Could you restate word for word only the lines below from the one holding "Qiaoge i-sensor электрический" to the one holding "AnVir Task Manager", inclusive, and leave out the pictures?

= = = = = = =

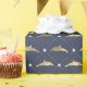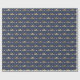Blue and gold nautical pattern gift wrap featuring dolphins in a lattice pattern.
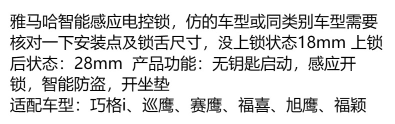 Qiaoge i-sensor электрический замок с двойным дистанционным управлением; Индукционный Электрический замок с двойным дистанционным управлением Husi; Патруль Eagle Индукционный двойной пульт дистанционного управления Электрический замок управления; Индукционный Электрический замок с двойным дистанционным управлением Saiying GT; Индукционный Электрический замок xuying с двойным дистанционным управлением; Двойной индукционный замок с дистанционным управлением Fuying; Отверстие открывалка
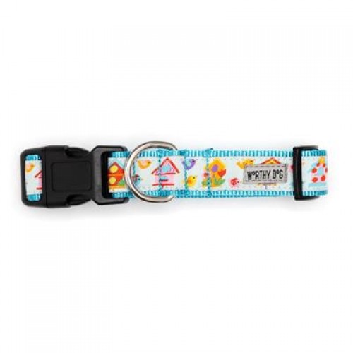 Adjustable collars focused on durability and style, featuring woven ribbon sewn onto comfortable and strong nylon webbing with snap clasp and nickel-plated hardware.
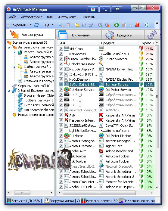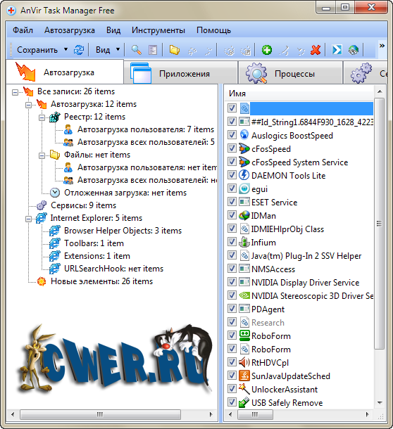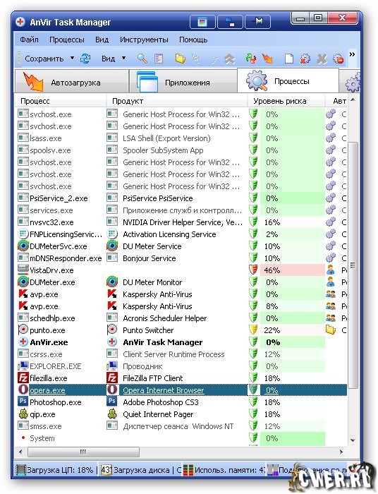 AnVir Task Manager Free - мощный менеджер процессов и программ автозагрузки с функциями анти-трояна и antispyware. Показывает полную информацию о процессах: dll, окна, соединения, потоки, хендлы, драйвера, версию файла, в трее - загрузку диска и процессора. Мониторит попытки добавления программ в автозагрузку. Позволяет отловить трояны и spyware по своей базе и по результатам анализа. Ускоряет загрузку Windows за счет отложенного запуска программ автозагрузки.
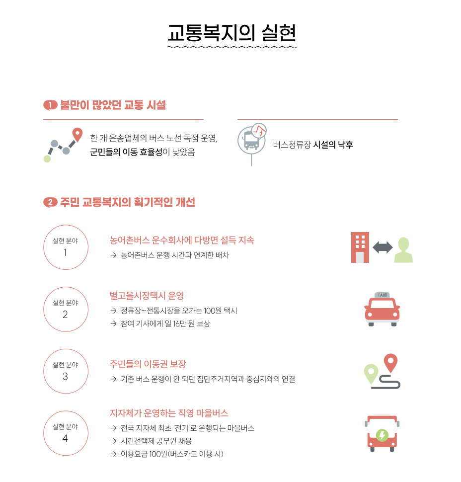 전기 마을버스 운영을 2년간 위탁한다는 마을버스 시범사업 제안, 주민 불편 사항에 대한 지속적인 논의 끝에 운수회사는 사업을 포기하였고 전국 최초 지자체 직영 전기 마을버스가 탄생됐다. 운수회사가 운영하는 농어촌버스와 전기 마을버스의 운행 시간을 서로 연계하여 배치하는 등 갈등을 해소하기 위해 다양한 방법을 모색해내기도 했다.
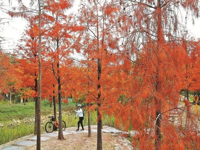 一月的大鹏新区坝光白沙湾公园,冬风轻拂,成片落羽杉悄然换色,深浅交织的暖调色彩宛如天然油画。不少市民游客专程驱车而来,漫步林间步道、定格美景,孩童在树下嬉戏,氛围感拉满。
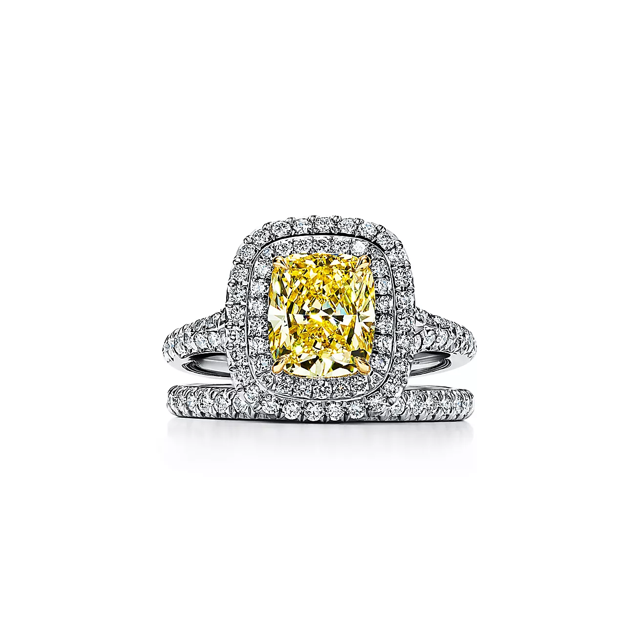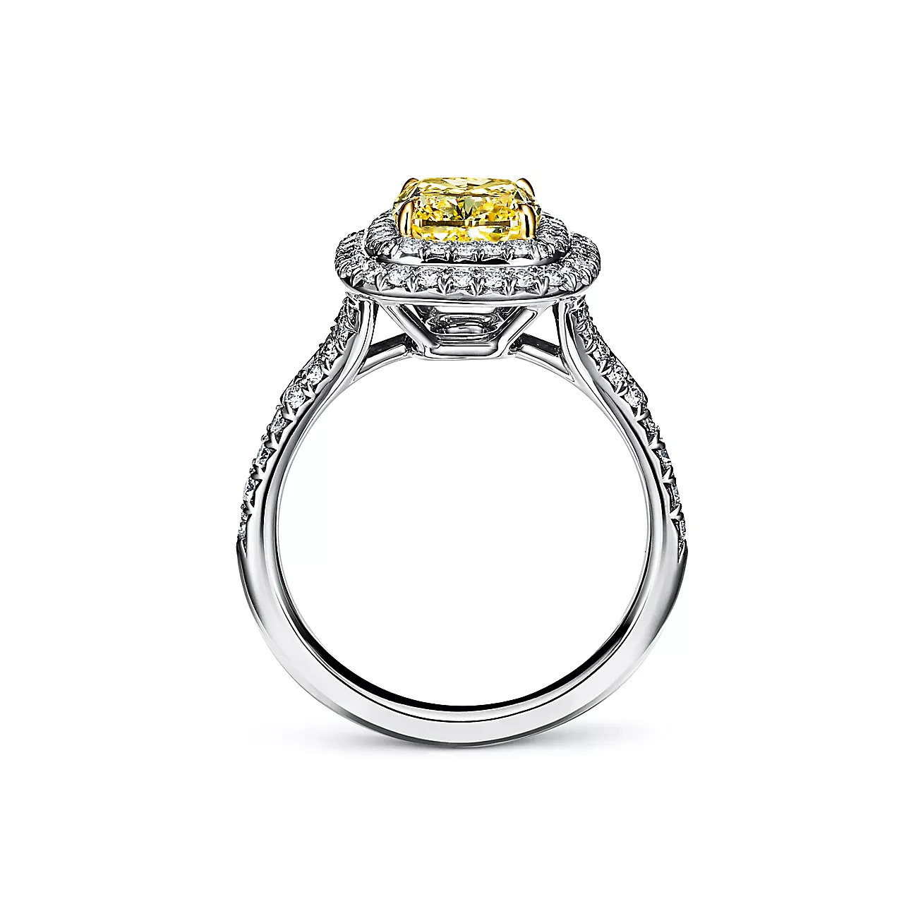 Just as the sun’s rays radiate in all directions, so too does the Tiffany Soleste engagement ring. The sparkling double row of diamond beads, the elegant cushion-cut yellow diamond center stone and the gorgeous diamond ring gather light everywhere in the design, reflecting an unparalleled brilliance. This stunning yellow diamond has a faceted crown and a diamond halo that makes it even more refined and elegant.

= = = = = = =

RESULT OF THIS EXERCISE |
 Qiaoge i-sensor электрический замок с двойным дистанционным управлением; Индукционный Электрический замок с двойным дистанционным управлением Husi; Патруль Eagle Индукционный двойной пульт дистанционного управления Электрический замок управления; Индукционный Электрический замок с двойным дистанционным управлением Saiying GT; Индукционный Электрический замок xuying с двойным дистанционным управлением; Двойной индукционный замок с дистанционным управлением Fuying; Отверстие открывалка
 Adjustable collars focused on durability and style, featuring woven ribbon sewn onto comfortable and strong nylon webbing with snap clasp and nickel-plated hardware.
 AnVir Task Manager Free - мощный менеджер процессов и программ автозагрузки с функциями анти-трояна и antispyware. Показывает полную информацию о процессах: dll, окна, соединения, потоки, хендлы, драйвера, версию файла, в трее - загрузку диска и процессора. Мониторит попытки добавления программ в автозагрузку. Позволяет отловить трояны и spyware по своей базе и по результатам анализа. Ускоряет загрузку Windows за счет отложенного запуска программ автозагрузки.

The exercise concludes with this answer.